Interest income and non-interest income as a percentage of gross revenues
(excluding non-recurring gains on the sale of investment securities) for the
year ended December 31, 1995 were 98% and 2%, respectively, unchanged from the
same period in 1994.
14
<PAGE>
Non-interest income totaled approximately $218,000, excluding gains
realized on the sale of investment securities during 1995. This is an increase
of $95,000 over the other non-interest income reported for the year ended
December 31, 1994 of $123,000. This is the result of an increase in pricing of
certain Bank services as well as an increase in related account activity. In
addition, non-recurring gains on investment securities sold for the year ended
December 31, 1995 increased to $178,000 as compared to a $3,000 loss for the
year ended December 31, 1994. At December 31, 1995, the investment security
portfolio had approximately $86,424 of net unrealized gains, net of deferred
taxes.
Salaries and employee benefits of approximately $2,246,000 for the
year ended December 31, 1995 represented approximately 25% of total expenses for
the year, as compared to 19% or $1,731,000 for the year ended December 31 1994.

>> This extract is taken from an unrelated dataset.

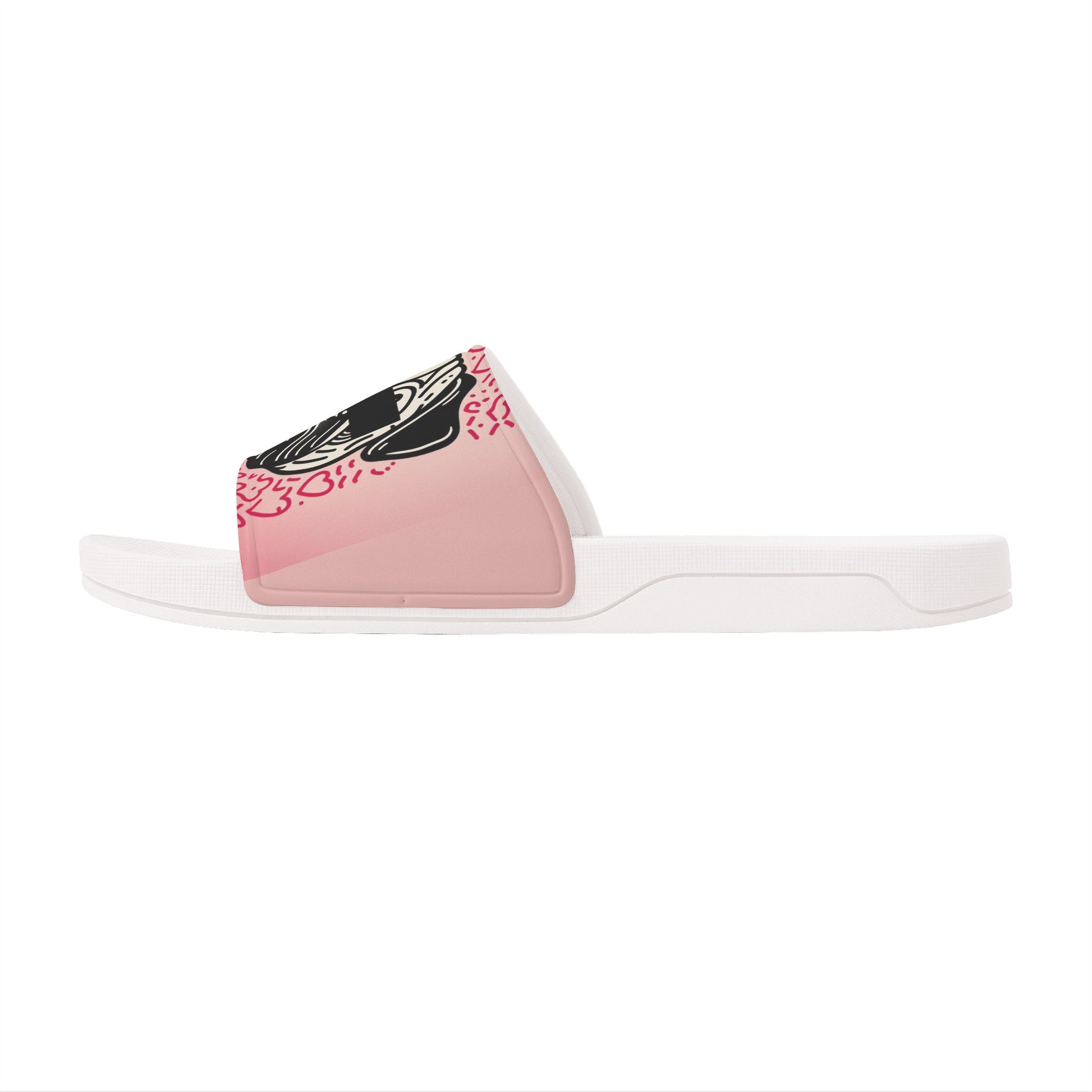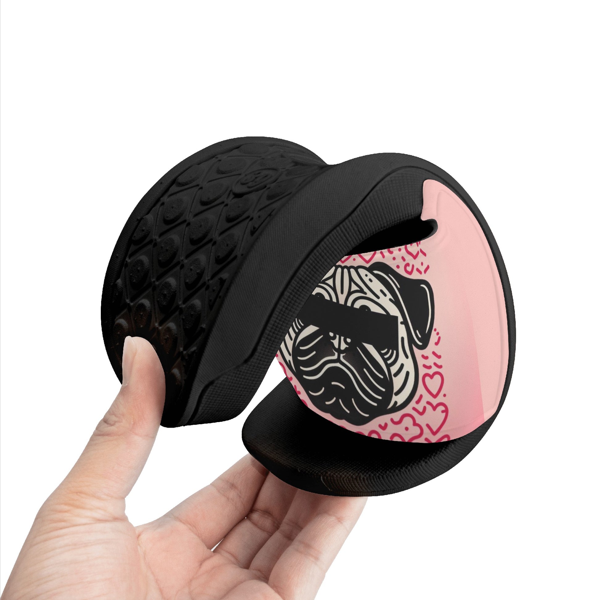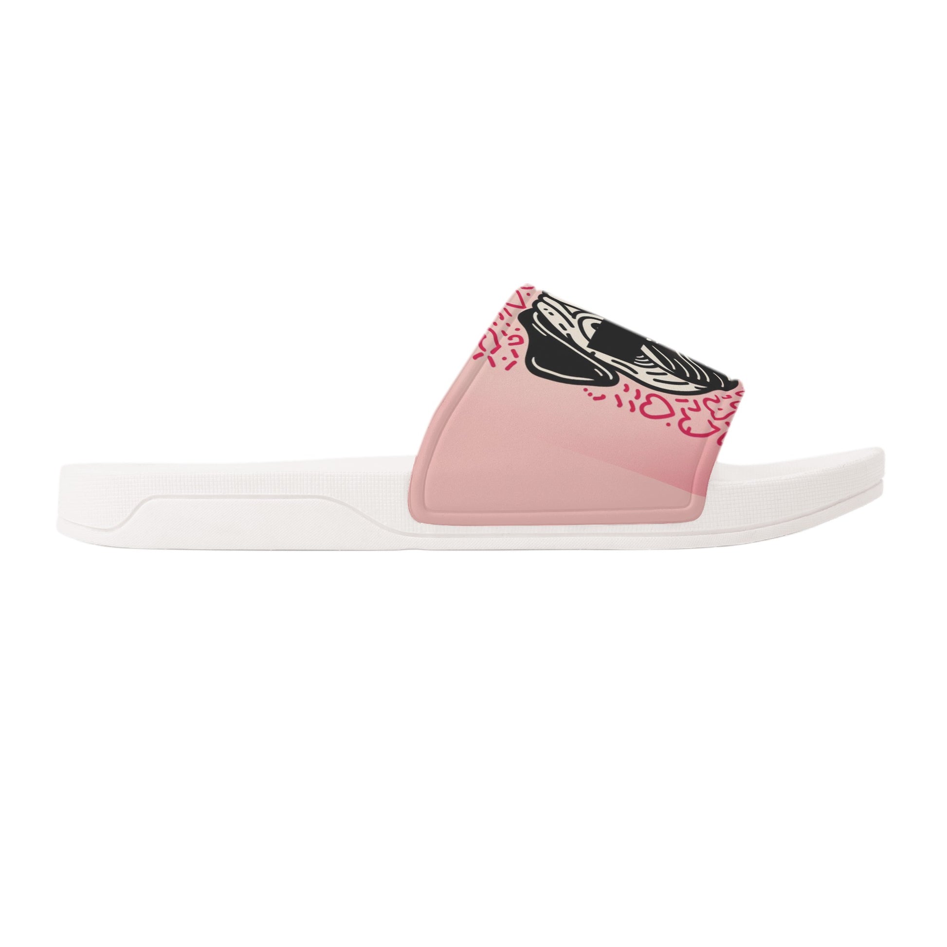 Unleash your love for pugs with our custom printed slide sandals, featuring an open toe and flat heel style for ultimate comfort. Here's what makes them special:

This increase was the result of additions in staffing as well as non-recurring
costs of severance.
Occupancy expenses of approximately $594,000 for the year ended
December 31, 1995 represented 7% of total expenses, compared to $553,000 or 6%
for the same period in 1994. These expenses were comprised mainly of rent
expense of approximately $312,000, each year. Professional fees declined to
$468,000 from $532,000 as the result of management's efforts to reduce the use
of outside legal and consultants.
Other expenses totaled approximately $728,000, or 8% of total
expenses, during the year ended December 31, 1995, compared to approximately
$1,059,000, or 23% of total expenses, during the year ended December 31, 1994.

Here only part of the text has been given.